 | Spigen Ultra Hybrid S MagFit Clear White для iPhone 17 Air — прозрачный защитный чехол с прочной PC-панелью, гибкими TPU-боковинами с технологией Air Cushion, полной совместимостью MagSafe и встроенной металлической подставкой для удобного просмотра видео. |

***

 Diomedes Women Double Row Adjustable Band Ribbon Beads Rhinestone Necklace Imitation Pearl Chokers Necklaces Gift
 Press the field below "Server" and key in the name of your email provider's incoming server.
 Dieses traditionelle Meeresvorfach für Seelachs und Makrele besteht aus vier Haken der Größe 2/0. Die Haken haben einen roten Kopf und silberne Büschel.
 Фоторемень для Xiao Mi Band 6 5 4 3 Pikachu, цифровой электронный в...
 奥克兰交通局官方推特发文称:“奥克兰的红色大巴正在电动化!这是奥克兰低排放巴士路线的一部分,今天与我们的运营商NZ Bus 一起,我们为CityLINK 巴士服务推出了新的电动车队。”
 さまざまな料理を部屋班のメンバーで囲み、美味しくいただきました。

***

Using the data above, transcribe the lines that run from the line with "Dieses traditionelle Meeresvorfach" to the line with "さまざまな料理を部屋班のメンバーで囲み、美味しくいただきました。", both ends kept, and output nothing else.

 Dieses traditionelle Meeresvorfach für Seelachs und Makrele besteht aus vier Haken der Größe 2/0. Die Haken haben einen roten Kopf und silberne Büschel.
 Фоторемень для Xiao Mi Band 6 5 4 3 Pikachu, цифровой электронный в...
 奥克兰交通局官方推特发文称:“奥克兰的红色大巴正在电动化!这是奥克兰低排放巴士路线的一部分,今天与我们的运营商NZ Bus 一起,我们为CityLINK 巴士服务推出了新的电动车队。”
 さまざまな料理を部屋班のメンバーで囲み、美味しくいただきました。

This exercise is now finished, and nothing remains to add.